Role of IL-6 in Angiotensin II–Induced Retinal Vascular Inflammation
2010
Retinal vascular inflammation is a common feature of blinding diseases such as diabetic retinopathy, retinopathy of prematurity (ROP), and choroidal neovascularization.1 Interleukin (IL)-6 is a potent proinflammatory cytokine involved in many pathologic processes characterized by vascular inflammation and injury, including proliferative diabetic retinopathy, choroidal neovascularization, atherosclerosis, and cancer.2–7
Vascular inflammation is a complex process that is thought to be initiated by activation of the immune system leading to increased expression of the angiogenesis/permeability factors vascular endothelial growth factor (VEGF), leukocyte attachment protein intercellular adhesion molecule (ICAM)-1, and monocyte chemotactic protein-1 (CCL-2).1,8 Previous studies have shown that IL-6 shares common characteristics with VEGF, in that both are induced by hypoxia and hyperglycemia and both play a role in vascular inflammation, vascular permeability, and pathologic angiogenesis.9–16 IL-6 has been shown to induce VEGF expression in models of choroidal neovascularization and tumor angiogenesis.4,7 However, the specific role of IL-6 in retinal vascular disease is unclear.

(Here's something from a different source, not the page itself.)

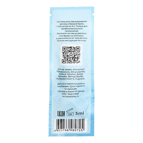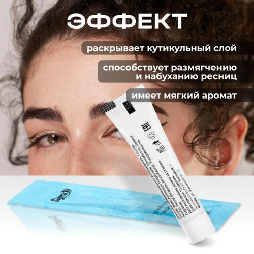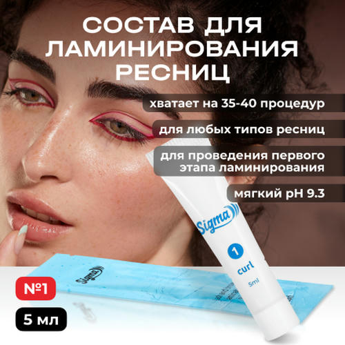 Первый состав для ламинирования ресниц Sigma Curl раскрывает кутикульный слой, способствует размягчению и набуханию ресницы. На этом этапе закладывается будущая форма и изгиб. Препарат содержит полимер, который создает на волосках защитную пленку и защищает во время первой экспозиции. Ресница сохраняет свою массу, уровень увлажненности и здоровье. Средство имеет мягкий pH 9.3, с ним можно работать на любых типах ресниц без повреждения и сухости. Кремообразная консистенция распределяется равномерно и однородно, окутывает каждый волосок. Средство имеет мягкий аромат.Препарат представлен в специальной полимерно-алюминиевой тубе, которая сохраняет герметичность и стерильность средств, не пропускает воздух, влагу, свет. Упаковка органически упругая, не засасывает воздух при извлечении состава. Благодаря пластичности тубы продукты легко дозировать и использовать до последней капли. Объем средства 5 мл, хватает на 35-40 процедур.
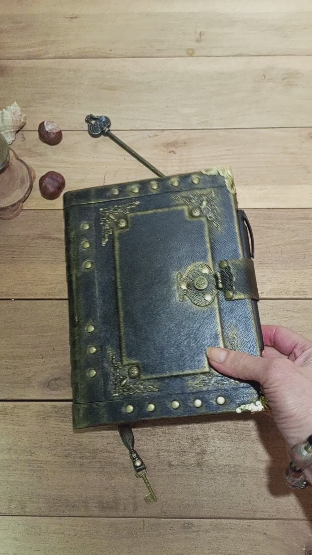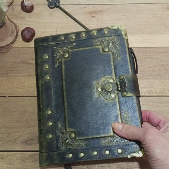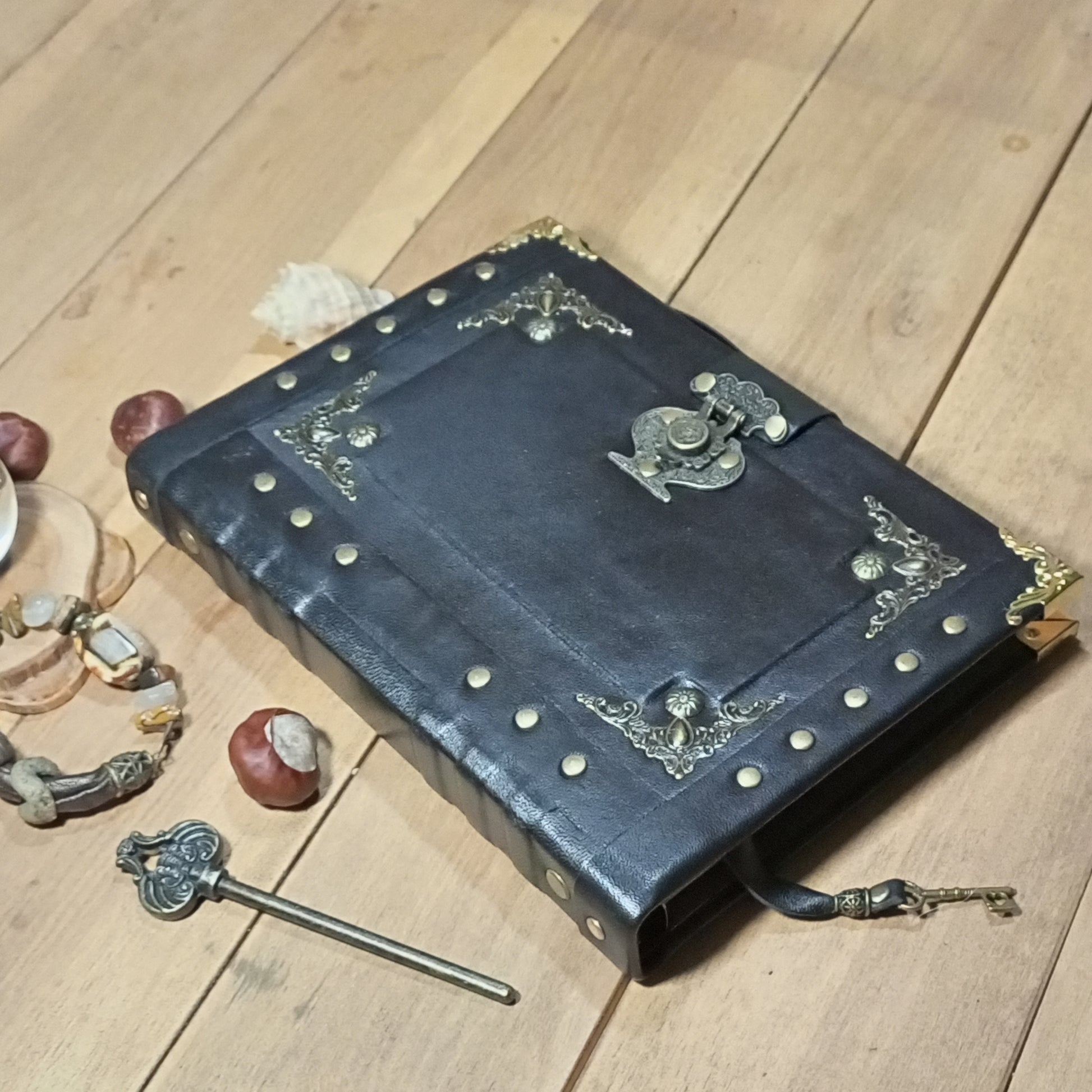 The leather cover is decorated with metal embellishments and secured with an antique-style lock, giving the notebook a beautiful vintage and medieval aesthetic.

Accumulating evidence has indicated that angiotensin II, the effector protein of the renin angiotensin system (RAS) has a fundamental role in the pathogenesis of retinal vascular diseases, including retinopathy of prematurity, proliferative diabetic retinopathy, choroidal neovascularization, and endotoxin-induced uveitis.17–22 In addition to its well-known vasoconstriction activity, angiotensin II is a potent inducer of vascular growth and inflammation. Other studies have demonstrated that intravitreal delivery of angiotensin II in rats induces VEGF expression and vascular inflammation, as shown by increased leukocyte adhesion to the retinal vessels in a process that requires reactive oxygen species (ROS) generation.18 Angiotensin II can also induce increases in VEGF expression in vitro by increasing ROS formation.23 The proinflammatory action of angiotensin II has been associated with increased expression of IL-6 in models of peripheral vascular disease. This process is thought to play a critical role in the development of vascular inflammation.6,24,25 The specific role of IL-6 in vascular injury is not yet understood, but upregulation of VEGF is thought to be involved.4,7 The purpose of this study was to investigate the mechanism by which angiotensin II induces retinal vascular inflammation and determines the specific role of IL-6 in this process.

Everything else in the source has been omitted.